Laura Halina Mead
Foto: J. Konrad Schmidt

1. Violine

Laura Halina Mead

Laura Halina Mead ist Musikerin in der Gruppe der 1. Geigen bei den Symphonikern Hamburg seit 2018.

Früher dachte ich: Mädchen spielen Geige, und Jungs spielen Oboe. Etwas anderes ist nicht möglich. Woher ich diese Vorstellung hatte? Ganz einfach: Meine Mutter spielt beruflich Geige und mein Vater Oboe. Inzwischen weiß ich, dass Mädchen und Jungs auch andere Instrumente spielen können – immerhin ist mein Bruder Pianist geworden. Aber mit vier Jahren hielt ich also das erste Mal eine kleine Geige in der Hand. Und bin bis heute von diesem Instrument begeistert. Es gibt so viel schöne Literatur für die Violine, so viele verschiedene Klänge, um so Vieles auszudrücken.

Aufgewachsen bin ich in Hilchenbach (Nordrhein-Westfalen), meine Mutter stammt aus Polen, mein Vater aus England. Die Stadt ist nicht gerade der Nabel der Welt, also ging ich als Teenager parallel zur Schule als Jungstudentin an die Kölner Hochschule für Musik und Tanz. Nach dem Abitur führte mich mein Bachelor- und Masterstudium in den folgenden Jahren außerdem nach London, Luzern und Freiburg – zwischenzeitlich hatte ich auch einen Zeitvertrag bei den Münchner Philharmonikern. Im Verlauf meines Studiums entwickelte sich der große Wunsch, im Norden Deutschlands zu arbeiten, denn mein Freund ist Schlagzeuger und arbeitet an der Oper in Kiel.

Was für ein Glück, dass es vor einem Jahr, kurz nach Abschluss meines Konzertexamens in Freiburg, mit dem Probespiel bei den Symphonikern Hamburg geklappt hat! Nun wohne ich in Kiel, bin in nur 20 Minuten am Meer und fahre zu den Proben und Konzerten an die Elbe. Mit einer halben Stelle lässt sich das gut machen. Und im Zug habe ich viel Zeit, zu lesen, mich auf kommende Projekte mental vorzubereiten oder einfach nur aus dem Fenster zu schauen...

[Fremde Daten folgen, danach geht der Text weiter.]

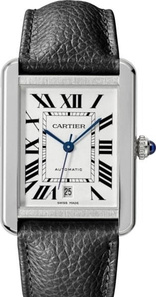 Tank Louis Cartier蓝宝石水晶镂空腕表,尺寸30 x 39.2毫米,搭载卡地亚9616 MC型工作坊精制手动上链机械机芯。18K白金表壳;18K白金圆珠形表冠,镶嵌一颗凸圆形蓝宝石,剑形蓝钢指针。黑色鳄鱼皮表带,配18K白金折叠表扣。 镂空设计 ,时、分、小秒针显示。机芯带独立编号,含159个零件,其中包括21枚红宝石轴承。机芯总尺寸:26 x 26.3毫米,机芯厚度:3.6毫米,摆轮振频:每小时28,800次;动力储存:约3日。蓝宝石水晶镜面和蓝宝石水晶透明表背。表壳厚度:7.45毫米。防水深度30米。 TANK SOLO腕表简洁低调的现代设计,Tank Solo腕表自诞生之日便成为了经典。在保留令Tank腕表系列大获成功的独特美感的同时,Tank Solo腕表在款式方面提供了许多变化。 Tank Solo腕表,超大号表款,自动上链机械机芯。精钢表壳,圆珠形表冠,镶嵌一颗凸圆形合成尖晶石,镀银珠光表盘,罗马数字时标,剑形蓝钢指针,蓝宝石水晶镜面。

Meine halbe Stelle ermöglicht es mir auch, neben der Orchesterarbeit viel Kammermusik zu machen. Ich habe drei Ensembles, die in meiner Studentenzeit in Luzern und Freiburg entstanden sind und mit denen ich regelmäßig auftrete: Ein Klavierquar- tett, ein Harfenquintett und ein Duo mit einer Harfenistin.
Die Laeiszhalle, in der die Symphoniker Residenzorchester sind, ist ein wunderbarer Konzertsaal mit einer herausragenden Akustik. Ich freue mich sehr, solch herzliche Kollegen zu haben. An unserem Chefdirigenten Sylvain Cambreling schätze ich sehr, dass er trotz seiner reichen Erfahrung mit uns immer auf Augenhöhe arbeitet. Er ist immer positiv, gibt viel Energie. Und er nimmt auch Werke einiger meiner Lieblingskomponisten ins Programm: Von Debussy, Ravel, Mahler, Richard Strauss und Schostakowitsch.

Ich mag diese Art Musik sehr, bei der die Bühne voll besetzt ist. Ich übe meine Stimme zuhause, oftmals auch mit Aufnahmen – vor allem wenn das Werk für mich neu ist, um einen besseren Überblick darüber zu bekommen, welche unterschiedlichen Rollen meine Stimme an welchen Stellen einnehmen muss. Die Vorbereitung kann natürlich herausfordernd sein, vor allem wenn es nur hier und da kleine »Effekte« und keine langen offensichtlichen Melodien in meiner Stimme gibt. Wenn dann aber alle auf der Bühne zusammenkommen, wenn man Teil eines großen Ganzen wird und alle Stimmen sich zusammenfügen wie ein wunderschönes, hochkomplexes Puzzle, um das großartige Bild erklingen zu lassen, ist es immer wieder eine wahnsinnig tolle Erfahrung und sorgt bei mir nicht selten für Gänsehaut!